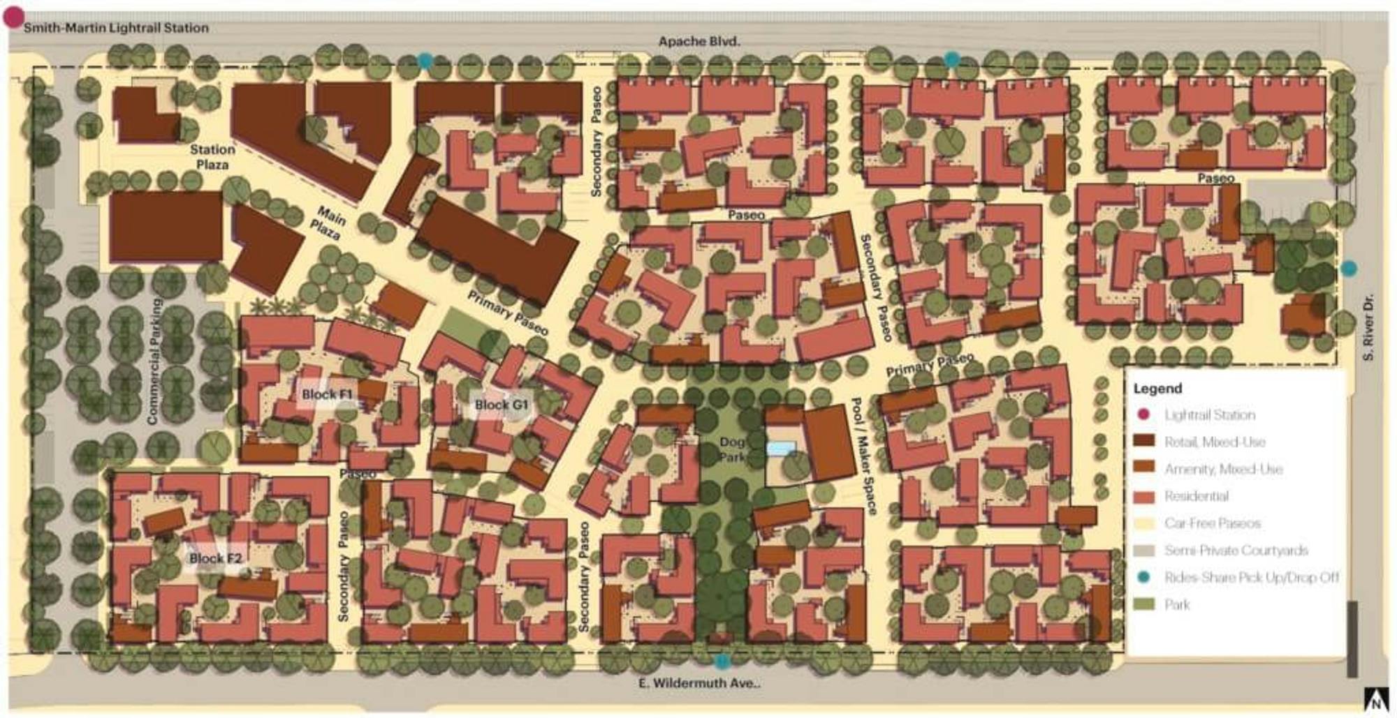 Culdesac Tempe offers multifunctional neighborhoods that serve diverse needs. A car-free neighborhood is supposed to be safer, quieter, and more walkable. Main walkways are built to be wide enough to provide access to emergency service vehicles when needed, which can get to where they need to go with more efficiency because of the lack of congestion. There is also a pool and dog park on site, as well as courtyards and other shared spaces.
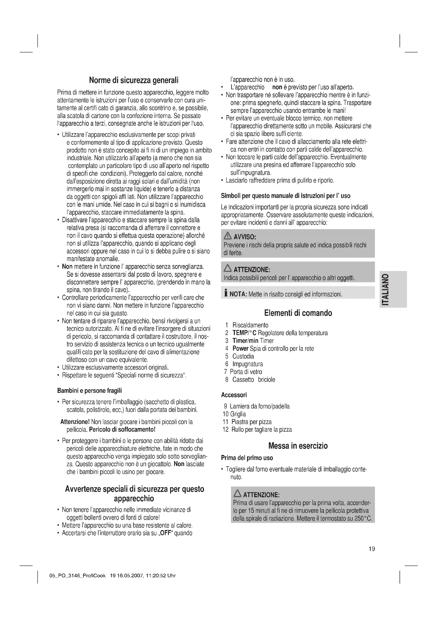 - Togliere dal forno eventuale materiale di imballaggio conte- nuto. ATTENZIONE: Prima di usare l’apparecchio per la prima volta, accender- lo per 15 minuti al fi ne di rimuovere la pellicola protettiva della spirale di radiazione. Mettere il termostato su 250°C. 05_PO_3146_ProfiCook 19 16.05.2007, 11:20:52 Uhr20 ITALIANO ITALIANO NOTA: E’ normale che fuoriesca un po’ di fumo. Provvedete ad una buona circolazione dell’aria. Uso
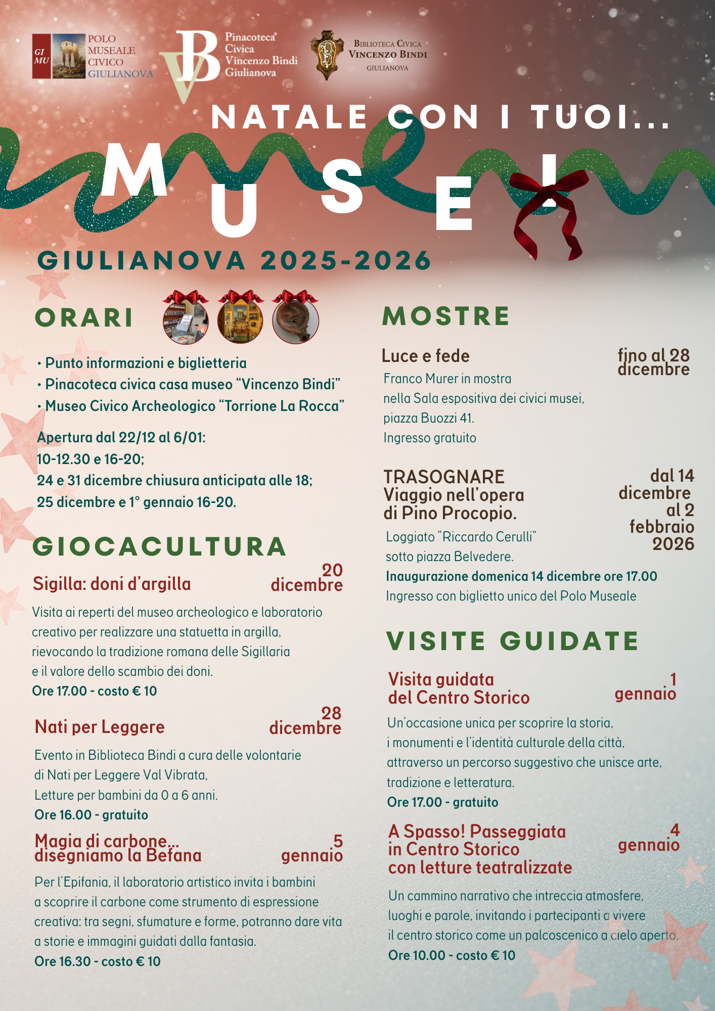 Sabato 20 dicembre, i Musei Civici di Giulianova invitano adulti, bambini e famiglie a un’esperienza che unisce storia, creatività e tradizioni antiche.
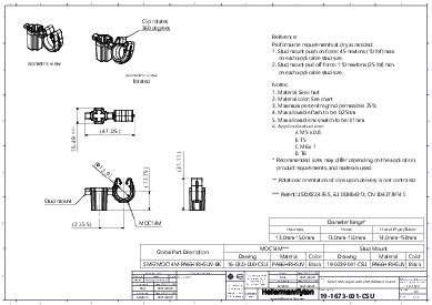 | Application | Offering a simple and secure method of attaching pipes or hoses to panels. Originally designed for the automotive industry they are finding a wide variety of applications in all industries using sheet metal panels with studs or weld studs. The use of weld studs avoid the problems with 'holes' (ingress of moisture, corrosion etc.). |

____________________

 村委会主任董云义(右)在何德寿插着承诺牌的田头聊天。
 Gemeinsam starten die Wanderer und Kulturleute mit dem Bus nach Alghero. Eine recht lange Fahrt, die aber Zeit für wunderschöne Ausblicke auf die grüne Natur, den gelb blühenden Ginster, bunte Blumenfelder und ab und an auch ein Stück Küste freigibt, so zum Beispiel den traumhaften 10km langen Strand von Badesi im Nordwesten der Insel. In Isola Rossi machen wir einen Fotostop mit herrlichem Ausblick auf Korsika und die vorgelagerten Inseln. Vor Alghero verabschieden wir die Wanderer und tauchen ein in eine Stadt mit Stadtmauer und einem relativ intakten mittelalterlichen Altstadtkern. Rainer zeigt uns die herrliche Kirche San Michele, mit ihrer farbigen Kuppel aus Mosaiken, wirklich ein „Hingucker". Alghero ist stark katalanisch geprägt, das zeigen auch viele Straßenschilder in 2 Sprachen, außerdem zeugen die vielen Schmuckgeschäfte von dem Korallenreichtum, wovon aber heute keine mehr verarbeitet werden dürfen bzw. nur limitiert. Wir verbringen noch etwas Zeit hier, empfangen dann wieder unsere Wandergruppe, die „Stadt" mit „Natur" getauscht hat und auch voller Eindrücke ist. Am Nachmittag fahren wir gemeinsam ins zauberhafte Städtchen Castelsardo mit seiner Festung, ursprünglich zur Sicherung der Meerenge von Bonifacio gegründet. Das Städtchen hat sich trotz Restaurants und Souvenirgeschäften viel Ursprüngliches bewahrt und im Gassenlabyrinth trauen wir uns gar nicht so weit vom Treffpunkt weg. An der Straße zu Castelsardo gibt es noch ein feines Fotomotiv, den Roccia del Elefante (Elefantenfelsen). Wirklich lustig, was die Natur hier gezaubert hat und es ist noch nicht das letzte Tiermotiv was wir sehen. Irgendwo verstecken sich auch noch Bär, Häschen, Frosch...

____________________

Problem> Give again, exactly as written above, each line from the one that has "Culdesac Tempe offers" to the one that has "corrosion etc.). |", both included; omit the pictures.

Response to this task>
 Culdesac Tempe offers multifunctional neighborhoods that serve diverse needs. A car-free neighborhood is supposed to be safer, quieter, and more walkable. Main walkways are built to be wide enough to provide access to emergency service vehicles when needed, which can get to where they need to go with more efficiency because of the lack of congestion. There is also a pool and dog park on site, as well as courtyards and other shared spaces.
 - Togliere dal forno eventuale materiale di imballaggio conte- nuto. ATTENZIONE: Prima di usare l’apparecchio per la prima volta, accender- lo per 15 minuti al fi ne di rimuovere la pellicola protettiva della spirale di radiazione. Mettere il termostato su 250°C. 05_PO_3146_ProfiCook 19 16.05.2007, 11:20:52 Uhr20 ITALIANO ITALIANO NOTA: E’ normale che fuoriesca un po’ di fumo. Provvedete ad una buona circolazione dell’aria. Uso
 Sabato 20 dicembre, i Musei Civici di Giulianova invitano adulti, bambini e famiglie a un’esperienza che unisce storia, creatività e tradizioni antiche.
 | Application | Offering a simple and secure method of attaching pipes or hoses to panels. Originally designed for the automotive industry they are finding a wide variety of applications in all industries using sheet metal panels with studs or weld studs. The use of weld studs avoid the problems with 'holes' (ingress of moisture, corrosion etc.). |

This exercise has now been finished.